Geography The Qatari peninsula juts 100 miles (161km)north into the Persian Gulf from Saudi Arabia and is slightly smaller than the state of Connecticut, USA. There are mild winters and very hot, humid summers. Religion Islam is the predominant religion, as Muslims constitute 77.5% of the population. Most non-citizens are Sunni or Shi’a Muslims, Christians, Hindus, Buddhists, or Baha’is. Most foreign workers and their families live near the major employment center of Doha, Al Khor, Mesaieed, and Dukhan.
Education In recent years Qatar has placed great emphasis on education. Citizens are required to attend government provided education from kindergarten through high school. Qatar University was founded in 1973. More recently, with the support of the Qatar Foundation, some major American Universities like Carnegie Mellon University Georgetown University School of Foreign Service. Texas A&M University. The Emir’s second wife, Her Highness Sheikha Mozah Bint Nasser Al-Missned, has been instrumental in new education initiatives in Qatar. She chair the Qatar Foundation, sits on the board of Qatar’s Supreme Education Council, and is a major driving force behind the importation of Western expertise into the education system, particularly at the college level.
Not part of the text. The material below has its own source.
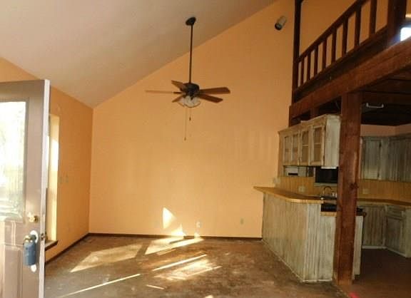 GREAT COUNTRY LIKE LIVING IN THIS 1.5 STORY HOME. FEATURES OPEN LIVING/DINING AREA, LARGE UTILITY ROOM, 1 BATHROOM AND 1 BEDROOM OFF KITCHEN ON BOTTOM FLOOR. UP THE SPIRAL STAIRCASE IS A LOFT AREA WITH CLOSET, FULL BATHROOM AND BEDROOM WITH ACCESS TO A BALCONY. HAS 2 CAR ATTACHED GARAGE AND STORAGE SHED. HAS POTENTIAL! HUD ACQUIRED PROPERTY SUBJECT TO HUD REGULATIONS & BIDDING PROCEDURES. OFFERED "AS-IS" ONLY! BUYERS TO VERIFY ALL INFO! FOR UTILITY TURN ONS, APPROVAL MUST BE GRANTED IN ADVANCE FROM HUD'S FIELD SERVICE MANAGER. IN CASES WHERE PLUMBING DEFICIENCIES EXIST, APPROVAL FOR WATER TURN-ON MAY BE DENIED. $100 DOWN PAYMENT INCENTIVE FOR OWNER OCCUPANTS ONLY WITH FHA LOAN (203K REHAB INCLUDED)*SEE ATTACHMENT

Health care Hamad Medical Corporation (HMC) is the premier non- profit health care provider in Doha, established by the Emiri decree in 1979,HMC manages four highly specialized hospitals. These hospitals are quite sophisticated by the standards of the region, with most hosting advanced MRI and other scanning machines. Most of them have many patients affected by Down syndrome and other mental illnesses caused by the high rate of cousin marriage In the country. Qatar has among the highest rates in the world for obesity, diabetes and genetic disorders. Some big clan don’t allow marriage outside their family.
Communications Qatar has a modern telecommunication system centered in Doha. Qatar today is the monthly business magazine in the country. It is published by Oryx Advertising, which is the largest Magazine publisher in Qatar. Human rights Qatar is destination country for men and women from South and Southeast Asia who migrate willingly, but are subsequently trafficked into involuntary servitude as domestic workers and laborers, and, to a lesser extent, commercial sexual exploitation. According to the Trafficking in persons report by US State Department, men and women who are lured into Qatar by promises of high wages are often into underpaid labor. Many of these people are commonly known as peasants.